Aim of the exercise: Set down, exactly as written, the lines from the top of the data to the line that holds "Описание Элегантная сумка", and omit the pictures.

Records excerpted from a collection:

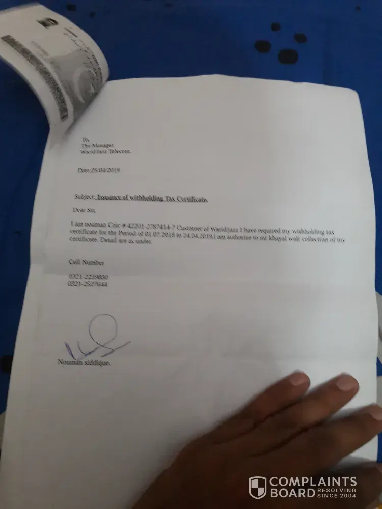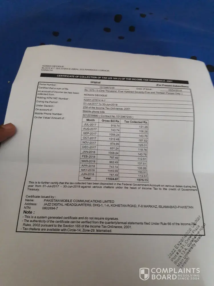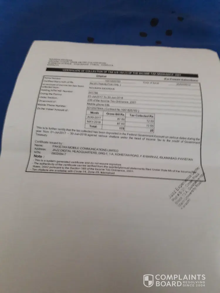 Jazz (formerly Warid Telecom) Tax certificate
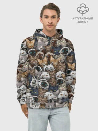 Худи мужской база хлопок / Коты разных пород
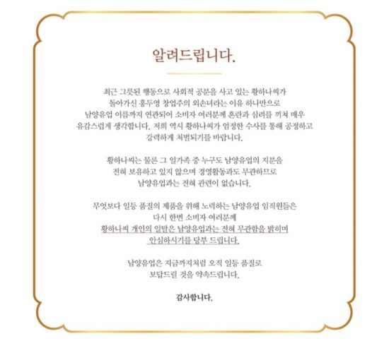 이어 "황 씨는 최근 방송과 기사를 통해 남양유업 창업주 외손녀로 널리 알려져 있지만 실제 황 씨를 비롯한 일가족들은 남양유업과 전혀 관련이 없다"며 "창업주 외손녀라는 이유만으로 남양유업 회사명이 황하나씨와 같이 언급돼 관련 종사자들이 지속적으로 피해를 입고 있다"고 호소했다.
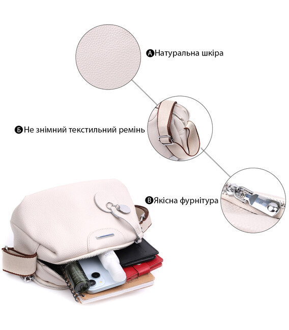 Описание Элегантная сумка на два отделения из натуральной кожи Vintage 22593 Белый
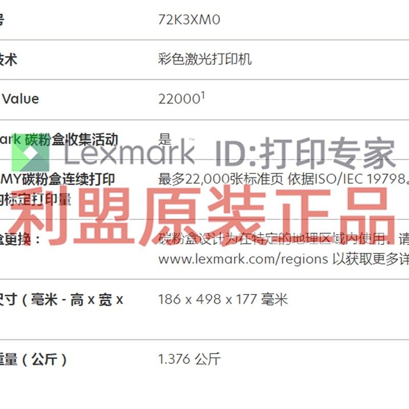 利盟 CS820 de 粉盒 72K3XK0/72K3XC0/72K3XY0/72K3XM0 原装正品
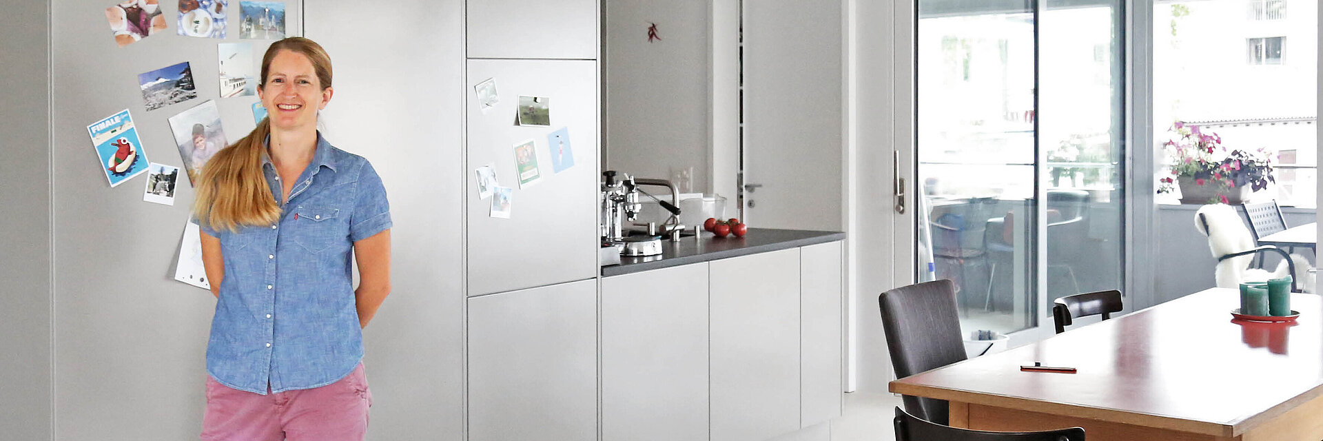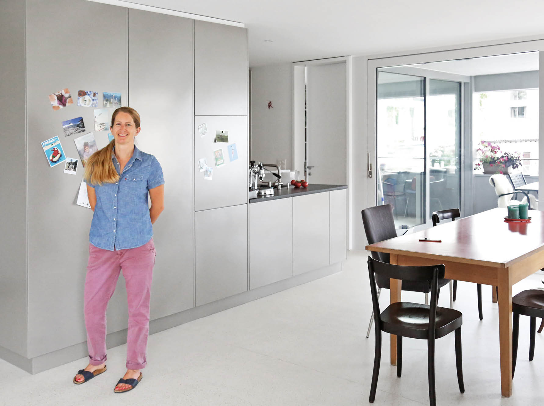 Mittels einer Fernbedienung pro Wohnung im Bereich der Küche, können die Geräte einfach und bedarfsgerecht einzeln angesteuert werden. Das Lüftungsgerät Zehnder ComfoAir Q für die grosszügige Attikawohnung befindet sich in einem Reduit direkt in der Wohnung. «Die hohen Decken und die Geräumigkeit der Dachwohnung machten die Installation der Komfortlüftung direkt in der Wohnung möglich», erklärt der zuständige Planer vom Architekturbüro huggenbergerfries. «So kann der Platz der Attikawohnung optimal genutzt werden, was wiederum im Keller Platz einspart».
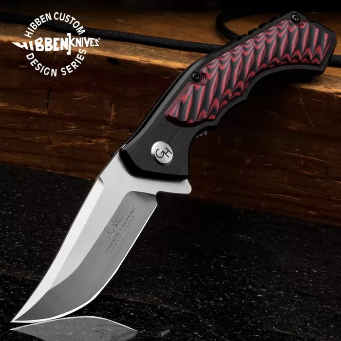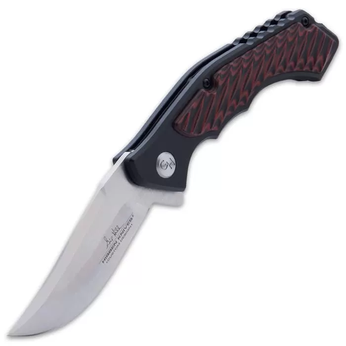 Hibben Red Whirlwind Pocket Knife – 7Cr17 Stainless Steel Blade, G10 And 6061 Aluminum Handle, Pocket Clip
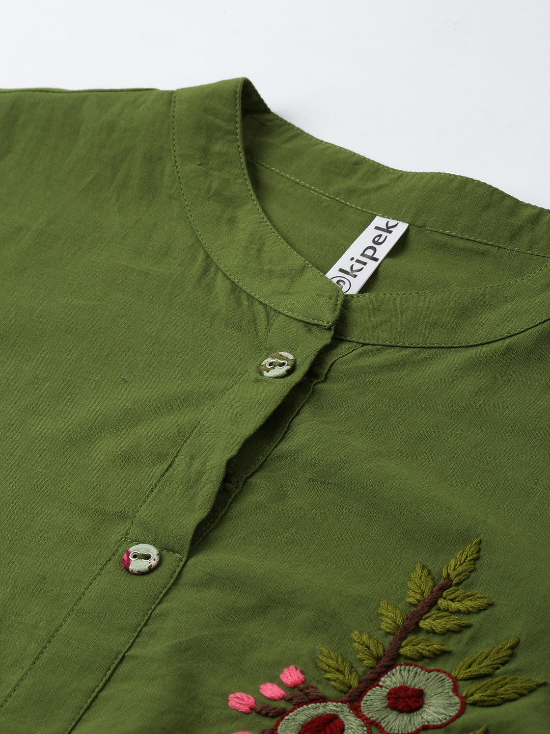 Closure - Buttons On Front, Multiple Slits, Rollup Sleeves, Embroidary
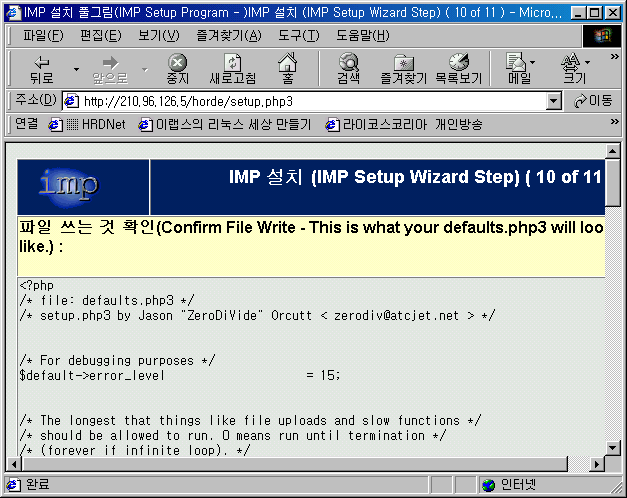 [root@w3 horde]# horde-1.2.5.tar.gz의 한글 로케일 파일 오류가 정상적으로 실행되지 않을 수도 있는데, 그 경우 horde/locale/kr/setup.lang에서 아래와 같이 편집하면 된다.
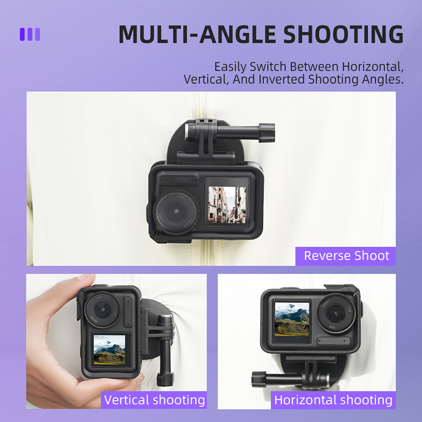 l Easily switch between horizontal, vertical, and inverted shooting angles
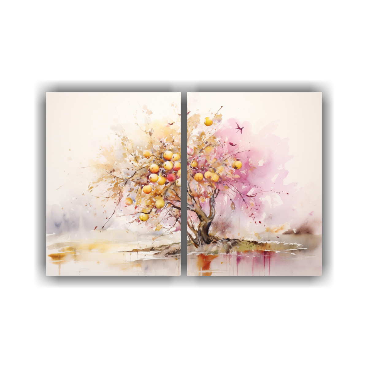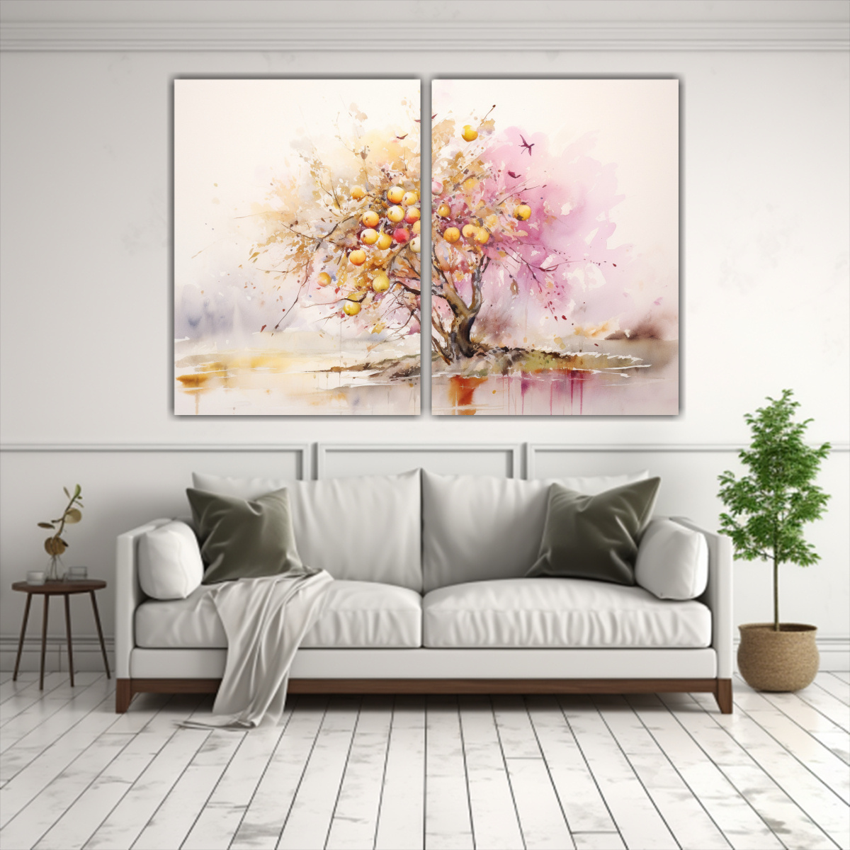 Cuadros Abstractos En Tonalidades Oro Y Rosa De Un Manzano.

Task result:
 Jazz (formerly Warid Telecom) Tax certificate
 Худи мужской база хлопок / Коты разных пород
 이어 "황 씨는 최근 방송과 기사를 통해 남양유업 창업주 외손녀로 널리 알려져 있지만 실제 황 씨를 비롯한 일가족들은 남양유업과 전혀 관련이 없다"며 "창업주 외손녀라는 이유만으로 남양유업 회사명이 황하나씨와 같이 언급돼 관련 종사자들이 지속적으로 피해를 입고 있다"고 호소했다.
 Описание Элегантная сумка на два отделения из натуральной кожи Vintage 22593 Белый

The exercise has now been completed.